* Provided data:
"""

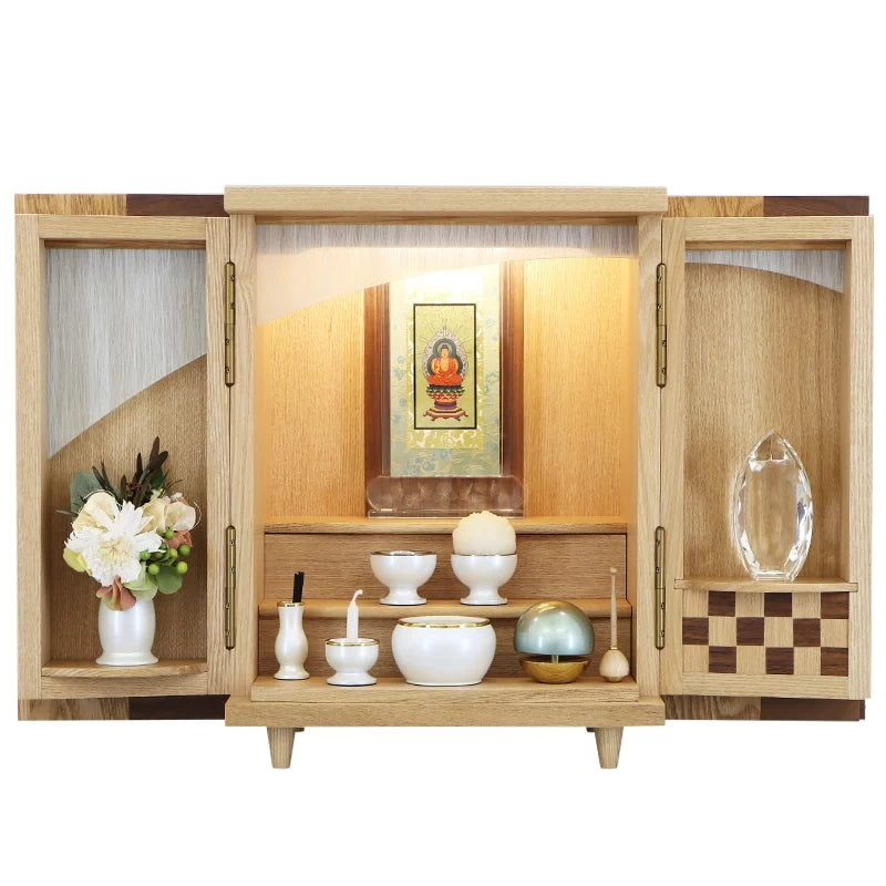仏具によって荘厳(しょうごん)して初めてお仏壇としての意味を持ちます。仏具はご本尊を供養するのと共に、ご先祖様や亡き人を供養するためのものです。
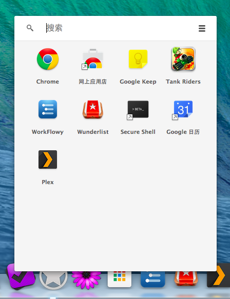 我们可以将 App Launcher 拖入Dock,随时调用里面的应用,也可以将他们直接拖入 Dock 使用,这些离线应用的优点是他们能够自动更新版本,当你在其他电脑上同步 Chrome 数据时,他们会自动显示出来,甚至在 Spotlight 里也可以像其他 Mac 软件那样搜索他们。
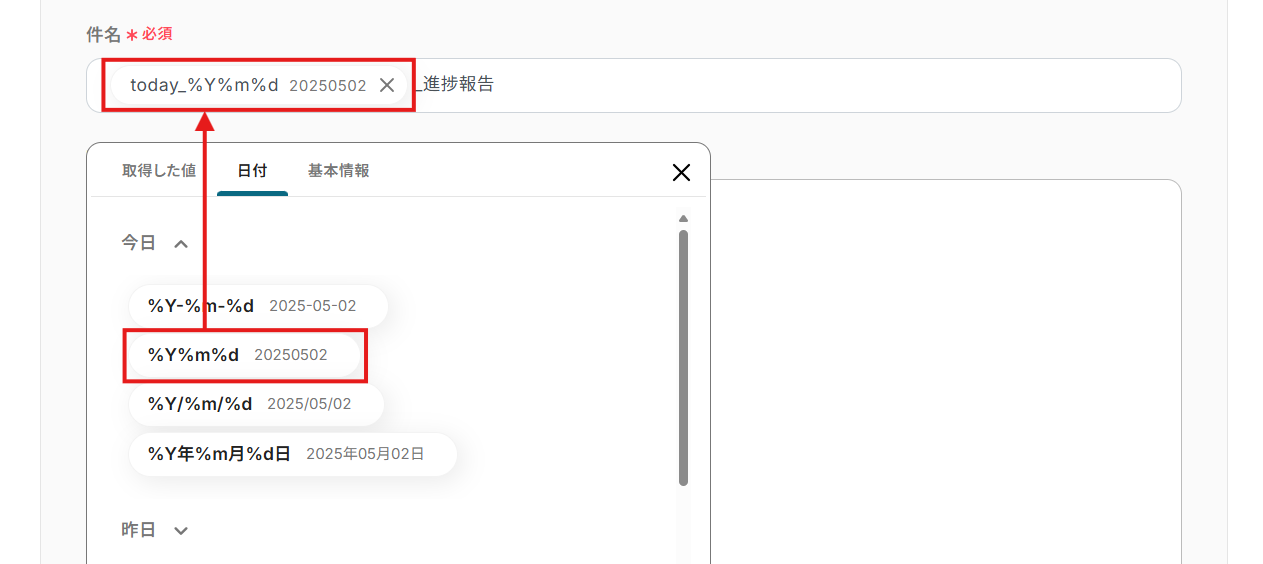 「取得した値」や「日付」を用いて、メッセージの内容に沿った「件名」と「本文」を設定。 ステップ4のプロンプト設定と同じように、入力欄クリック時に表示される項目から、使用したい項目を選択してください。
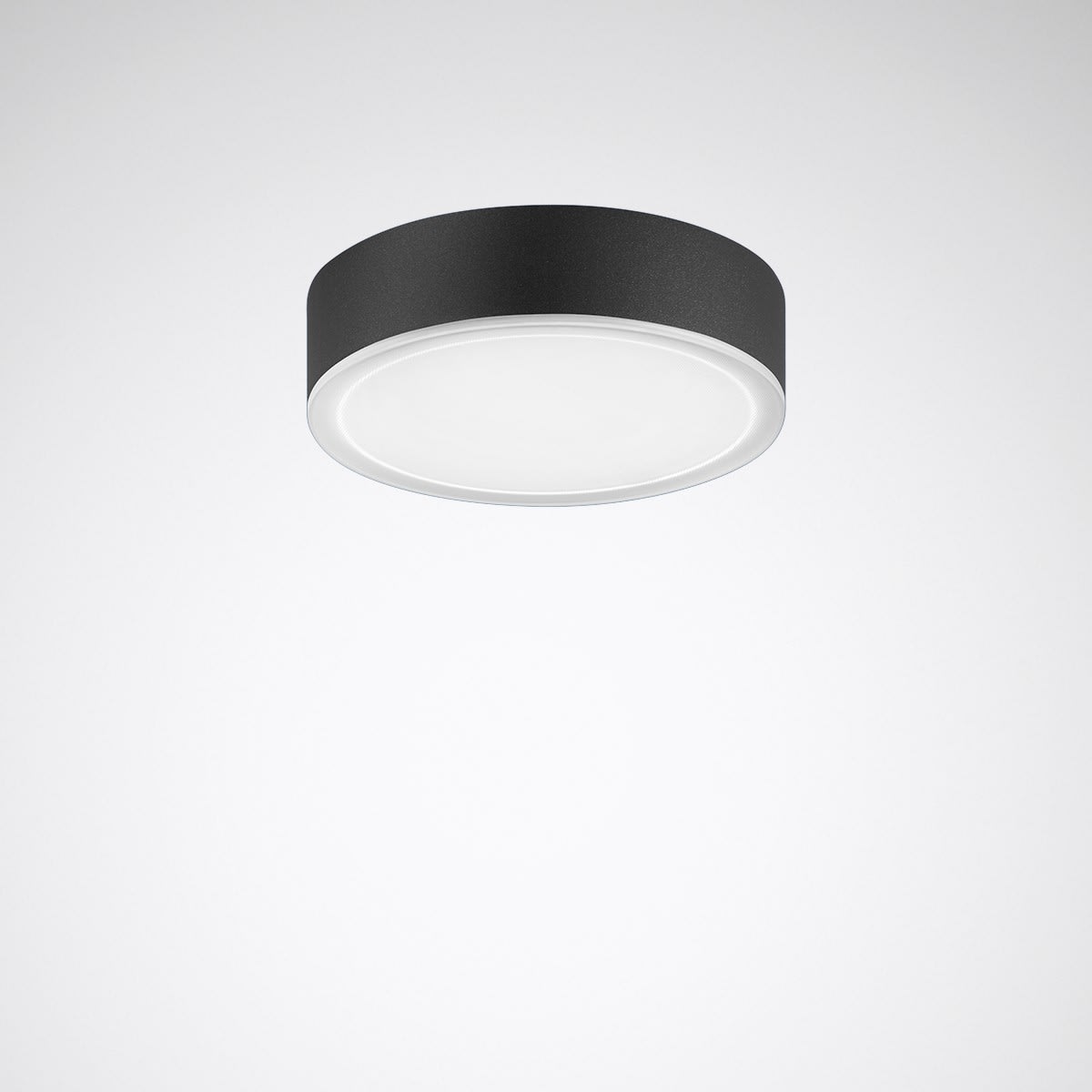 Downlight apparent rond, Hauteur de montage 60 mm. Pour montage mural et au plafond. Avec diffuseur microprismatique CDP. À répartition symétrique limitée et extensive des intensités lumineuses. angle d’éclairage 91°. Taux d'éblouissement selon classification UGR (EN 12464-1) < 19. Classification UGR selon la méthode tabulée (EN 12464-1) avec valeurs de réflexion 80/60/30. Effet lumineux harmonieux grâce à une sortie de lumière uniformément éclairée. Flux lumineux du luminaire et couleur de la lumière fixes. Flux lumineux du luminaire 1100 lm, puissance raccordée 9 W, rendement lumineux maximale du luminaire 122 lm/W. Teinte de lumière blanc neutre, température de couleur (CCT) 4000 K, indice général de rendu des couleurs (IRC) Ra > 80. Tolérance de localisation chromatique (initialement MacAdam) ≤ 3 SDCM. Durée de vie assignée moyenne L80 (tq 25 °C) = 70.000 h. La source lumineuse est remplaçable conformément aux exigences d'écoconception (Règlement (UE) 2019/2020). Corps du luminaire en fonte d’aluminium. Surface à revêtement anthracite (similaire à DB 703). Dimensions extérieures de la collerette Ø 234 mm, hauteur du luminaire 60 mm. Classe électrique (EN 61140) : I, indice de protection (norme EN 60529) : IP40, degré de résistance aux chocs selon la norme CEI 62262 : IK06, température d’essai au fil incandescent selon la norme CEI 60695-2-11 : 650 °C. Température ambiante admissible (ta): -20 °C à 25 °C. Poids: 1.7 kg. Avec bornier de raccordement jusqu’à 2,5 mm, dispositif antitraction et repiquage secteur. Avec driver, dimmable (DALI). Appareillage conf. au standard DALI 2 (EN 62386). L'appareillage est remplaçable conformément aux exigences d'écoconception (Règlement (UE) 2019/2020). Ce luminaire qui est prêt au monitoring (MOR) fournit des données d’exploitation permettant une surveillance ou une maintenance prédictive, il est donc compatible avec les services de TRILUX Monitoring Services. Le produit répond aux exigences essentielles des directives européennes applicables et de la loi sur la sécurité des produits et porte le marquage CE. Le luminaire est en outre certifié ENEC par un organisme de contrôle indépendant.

"""

* Exercise details: Provide a precise transcription of the listing, excluding each picture.

* Written solution:
仏具によって荘厳(しょうごん)して初めてお仏壇としての意味を持ちます。仏具はご本尊を供養するのと共に、ご先祖様や亡き人を供養するためのものです。
 我们可以将 App Launcher 拖入Dock,随时调用里面的应用,也可以将他们直接拖入 Dock 使用,这些离线应用的优点是他们能够自动更新版本,当你在其他电脑上同步 Chrome 数据时,他们会自动显示出来,甚至在 Spotlight 里也可以像其他 Mac 软件那样搜索他们。
 「取得した値」や「日付」を用いて、メッセージの内容に沿った「件名」と「本文」を設定。 ステップ4のプロンプト設定と同じように、入力欄クリック時に表示される項目から、使用したい項目を選択してください。
 Downlight apparent rond, Hauteur de montage 60 mm. Pour montage mural et au plafond. Avec diffuseur microprismatique CDP. À répartition symétrique limitée et extensive des intensités lumineuses. angle d’éclairage 91°. Taux d'éblouissement selon classification UGR (EN 12464-1) < 19. Classification UGR selon la méthode tabulée (EN 12464-1) avec valeurs de réflexion 80/60/30. Effet lumineux harmonieux grâce à une sortie de lumière uniformément éclairée. Flux lumineux du luminaire et couleur de la lumière fixes. Flux lumineux du luminaire 1100 lm, puissance raccordée 9 W, rendement lumineux maximale du luminaire 122 lm/W. Teinte de lumière blanc neutre, température de couleur (CCT) 4000 K, indice général de rendu des couleurs (IRC) Ra > 80. Tolérance de localisation chromatique (initialement MacAdam) ≤ 3 SDCM. Durée de vie assignée moyenne L80 (tq 25 °C) = 70.000 h. La source lumineuse est remplaçable conformément aux exigences d'écoconception (Règlement (UE) 2019/2020). Corps du luminaire en fonte d’aluminium. Surface à revêtement anthracite (similaire à DB 703). Dimensions extérieures de la collerette Ø 234 mm, hauteur du luminaire 60 mm. Classe électrique (EN 61140) : I, indice de protection (norme EN 60529) : IP40, degré de résistance aux chocs selon la norme CEI 62262 : IK06, température d’essai au fil incandescent selon la norme CEI 60695-2-11 : 650 °C. Température ambiante admissible (ta): -20 °C à 25 °C. Poids: 1.7 kg. Avec bornier de raccordement jusqu’à 2,5 mm, dispositif antitraction et repiquage secteur. Avec driver, dimmable (DALI). Appareillage conf. au standard DALI 2 (EN 62386). L'appareillage est remplaçable conformément aux exigences d'écoconception (Règlement (UE) 2019/2020). Ce luminaire qui est prêt au monitoring (MOR) fournit des données d’exploitation permettant une surveillance ou une maintenance prédictive, il est donc compatible avec les services de TRILUX Monitoring Services. Le produit répond aux exigences essentielles des directives européennes applicables et de la loi sur la sécurité des produits et porte le marquage CE. Le luminaire est en outre certifié ENEC par un organisme de contrôle indépendant.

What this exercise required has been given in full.